Privacy in the Digital Age
More and more each day, we have to make decisions about our privacy as more and more of our data becomes accessible online, from setting our privacy settings on Facebook to accepting the terms and conditions of our smart thermostats. Sometimes, taking reasonable precautions isn’t enough, because even with the best intentions, organizations can release data that infringes on individuals’ privacy. For the average person, the risk isn’t enough to warrant removing him- or herself from the internet entirely or taking other extreme measures to ensure privacy. However, it’s important to be a part of the conversation so that accidental publishings of sensitive data don’t happen as often. The conversation, as pointed out by Eleanor Sattia, is ongoing and of paramount importance to the future of data analysis.
Early Data Dumps
Perhaps the most well know sensitive data dump was the release of the Enron email data in March of 2003. This data was initially released without any personal information taken out, including addresses, phone numbers, bank records, and Social Security Numbers. The data dump was handled very naively. Even though such a large corpus hasn’t been released since, people have learned to handle even smaller data dumps with much more care.

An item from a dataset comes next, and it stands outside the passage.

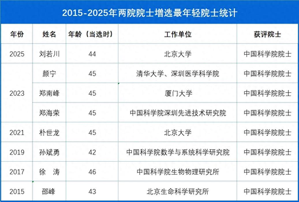 院士称号作为我国科学技术和工程科技领域的最高荣誉,每届增选的最年轻院士都备受关注,承载着相关学科领域的未来发展希望。中国教育在线梳理了2015-2025年间,中国科学院、中国工程院每届新增选院士中的最年轻者,展现他们的成长轨迹与科研成就。
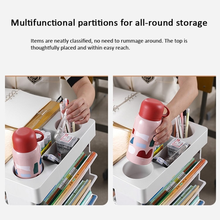 5-lagiger beweglicher Trolley-Aufbewahrungsständer aus Kunststoff für vertikale Bücherregale für Studentenbücher

Then, in August, 2006, AOL Research released 3 months’ worth of search data, only to delete it 3 days later (but not after it had been mirrored elsewhere). While there weren’t any blatantly sensitive pieces of information in the dataset, it proved a second lesson in anonymizing data dumps. All of the internet searches in the data set had a user id associated with them, which could be used to figure out a given user’s identity, since many searches are location specific and give away other identifying factors (such as pet ownership) that, when combined, can be used to ascertain someone’s identity.

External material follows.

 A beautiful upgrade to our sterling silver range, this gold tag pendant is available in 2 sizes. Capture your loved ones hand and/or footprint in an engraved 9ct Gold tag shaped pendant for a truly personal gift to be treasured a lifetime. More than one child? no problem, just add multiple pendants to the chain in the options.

Identifying Potential Identifiers
Since those early days of the internet, researchers and data analysts have been much more careful in the data that they release. In Ethical Privacy Guidelines for Mobile Connectivity Measurements, Zevenbergen, Brown, Wright, and Erdos lay out 3 levels of identifiable information, from most direct to least in terms of identification:
- Identifiers – name, address, social security numbers, mobile phone number, IMEI number
- Key-Attributes – age, race, gender, date of birth and place of residence
- Secondary Attributes – settings in an application, the battery level measured over time, or location patterns
The “Identifiers” category is an obvious violation of security (except for that first Enron data dump), but the other attributes are trickier. For instance, some of that data might be crucial to making certain discoveries in the data. To ask the question, “How likely are young people to use paper phone books?” you need to ask the respondents’ age. The key to the problem of deanonymization is knowing how combinations of this data and the contexts of the data factor in to how easily identifiable any record in your data is.

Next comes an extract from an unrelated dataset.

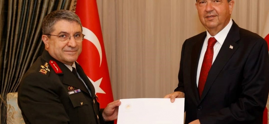 Cumhurbaşkanı Ersin Tatar, 20 Temmuz 1974 Mutlu Barış Harekâtı’nın 48. yıldönümü törenlerine katılmak üzere KKTC’de bulunan Türkiye Cumhuriyeti Milli Savunma Bakanlığı temsilcisi Orgeneral Selçuk Bayraktaroğlu’nu kabul etti.

Subtler Deanonymization Cases
To illustrate how subtle these identifiers can be in your dataset, we’ll look at 3 recent deanonymization cases where it wasn’t obvious at first that there were any problems with the data being released.
A 2009 paper from Golle and Partridge used Bayesian techniques on U.S. Census data to show that “disclosing both the census tracts where one lives and where one works places 24.2% of the working population in an anonymity set that contains 5 or fewer individuals, and 7.4% in a set of 2 or fewer individuals.” While somewhat surprising, they were able to hone in on individuals to this degree for specificity with only their work location and home location at the granularity of a census tract. They recommend “a considerable amount of location obfuscation (at the granularity of counties)…to protect the anonymity of location traces.”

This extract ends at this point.